İçeride sadece annem ile babam vardı.
Onlar da kendi aralarında sohbet ediyorlardı.
" Ne istiyorsun?" Dedi Tiago.
" Eskisi gibi olmayı. Eskisi gibi olmamızı. " Dedim.
Biraz sessiz kaldı.
Günler sonra birlikte kalmak...
Aylar sonra...
Ama içeriye birden askerler girince hevesim kursağımda kaldı.
Giren John biraz su içti.
" Yarın her Kralı çağırın. Komşu olan ya da olmayan. Aramızda kimler ihanetçi hem öğrenir hem kutlama yaparız. Ben birazdan halka da kutlamayı bildiririm. Kraliyet genişletme işi nasıl?" Diye sordum.
Kraliyet büyüyordu.
Hemde fazlasıyla.
" Eskiye göre fazla genişledi. Resmen 2 Kraliyet birleşimi oldu. " Dedi ve çıktı.
Gülümsedim.
Tiagoya baktım.
" Sana bir şey aldım ama yalnızken aç. " Dedi ônüme kırmızı bir kutu bırakırken.
" Ne bu? " Dedim.
" Çiçek. " Dedi gülerken.
" Bokunu bırak daha iyi. " Dediğimde gülerek çıktı o da.
Kutuyu alıp odama gittim.
Koltukta uyuklayan Evaya baktım.
Günün yarısını uyumakla geçiren manyak bir kızdı. Asla masum değildi.

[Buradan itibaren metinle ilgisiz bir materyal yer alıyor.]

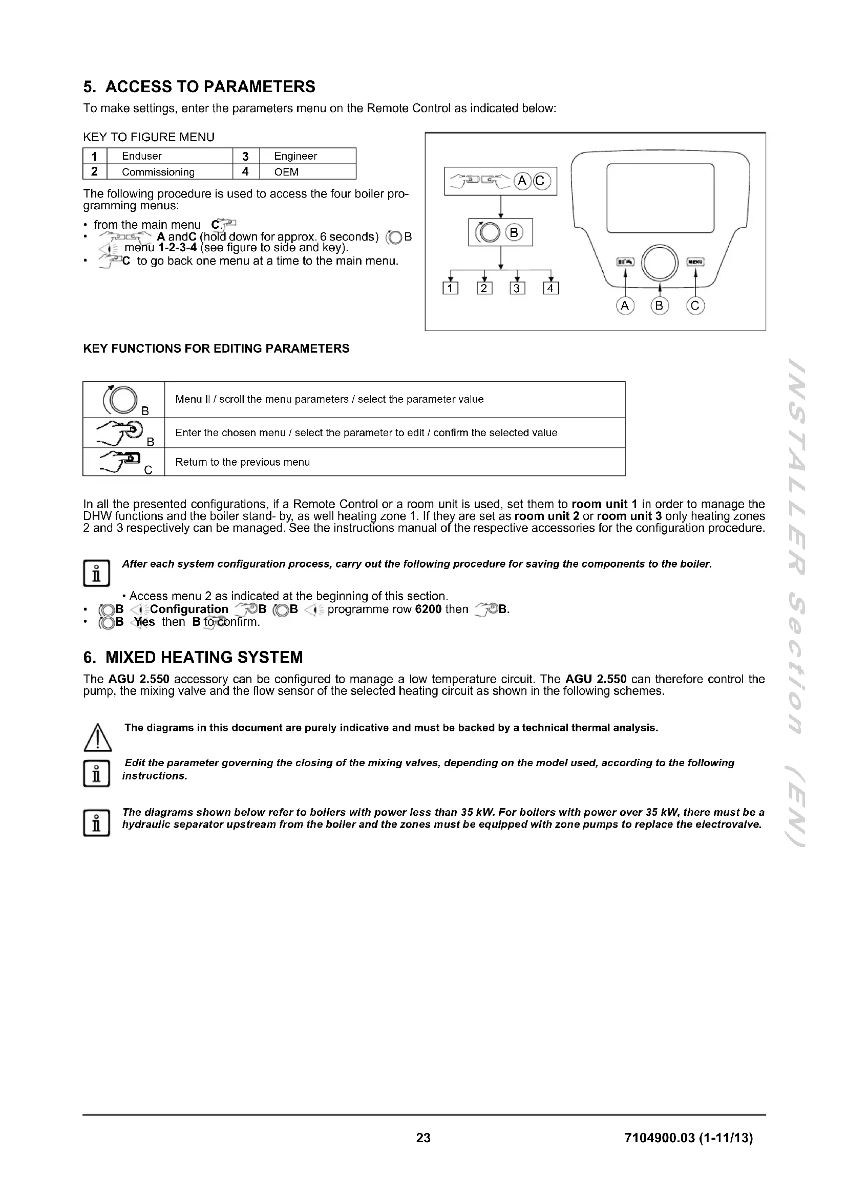 Enter menu 2 from the Remote Control as described in section 5, and make the following settings: MENU PROGRAMME ROW PARAMETER VALUE TO SET DESCRIPTIONCONFIGURATION5715 Heating circuit 2 On Heating circuit 2 enable5977 H5 input functionRoom thermostat CH2 Circuit 2 thermostat enable(terminal block M1 (1-2) on boiler)6020 Extension module 1 functionTemps / mode CH1 Low temperature zone enable Function of H2 input on module 1Room thermostat CH1 H2 input enabled as low temperature zone room thermostatHEATING CIRCUIT 1710 Comfort temperature 35°C Room setpoint (low temperature zone)HEATING CIRCUIT 1 834 Actuator stroke time: Default 180 s Mixing valve close time Set the comfort temperature to it maximum value (35°C) to ensure the low temperature zones work correctly. This ensures that the room unit does not block the heat demand of the individual room thermostats managing the subzones. In this case, the room unit manages the low temperature system, but it cannot be used to manage the temperature of one of the rooms. Turn knob B to display the boiler ow temperature. The heating circuit operates with a xed ow. Connect the thermostat protecting the low temperature zone in series to the feed of the zone electrovalves so as to totally close the circuit in case of fault.7104900.03 (1-11/13) 26 INSTALLER Section (EN)

Benden daha iyi bir keskin nişancıydı.
O oradayken kutuyu kenara koyup bir elbise giydim.

Hafifte makyaj yapıp parfüm sıktım.
Pencereden dışarıya baktım.
Halk alanda toplanmıştı.
Hızla gittim.
Topuklu ayakkabılarım zemini döverken protez bacağıma baktım.
Engel.
Değildi.
Asla.
Olmayacaktı.
" Kraliçe Valencia! Nicolas tarafından hamile kaldığınız ve çocuğunuzu düşürdüğünüz doğru mu?" Diye sordu onlarca haberci.
İlerleyemeden durdum.
Lanet haberciler.
" Sizi ne çocuğum ne de tecavüz edilmem alakadar etmez. Konu kapandı. " Dedim ve onları ittirip ilerledim.
Sahneye cıktığımda birden alkışlar koptu.
Önce biraz yaşadıklarımdan bahsettim. Tiago ve Eva dan.
Sonra ise kutlamalardan.
" Tekrardan teşekkür ederim beni dinleyenler için. Ve sevgili çocuk halkı! Kutlamada sizleri çok güzel şeyler bekliyor!" Dedim çığlık atarken.
Çocuklar da bağırırken gülümsedim.
" Tiago ve Eva hakkında ne düşünüyorsunuz? Ayrıldığınız doğru mu?" Dedi biri.
" Ayrılmadık. Ve düşündüğüm tek bir şey var. Tiago ve Evaya yapılan herhangi bir hata. Bana da yapılmış demektir. Kim onlara bir zarar verirse karşısında beni bulur. Çünkü onlar benim ailemin üyeleri. Bu Arthur ve Louis için de geçerli. Aynı zamanda Katarina ve Jasmine içinde. Annem ile babam ise ayrı. " Dedim.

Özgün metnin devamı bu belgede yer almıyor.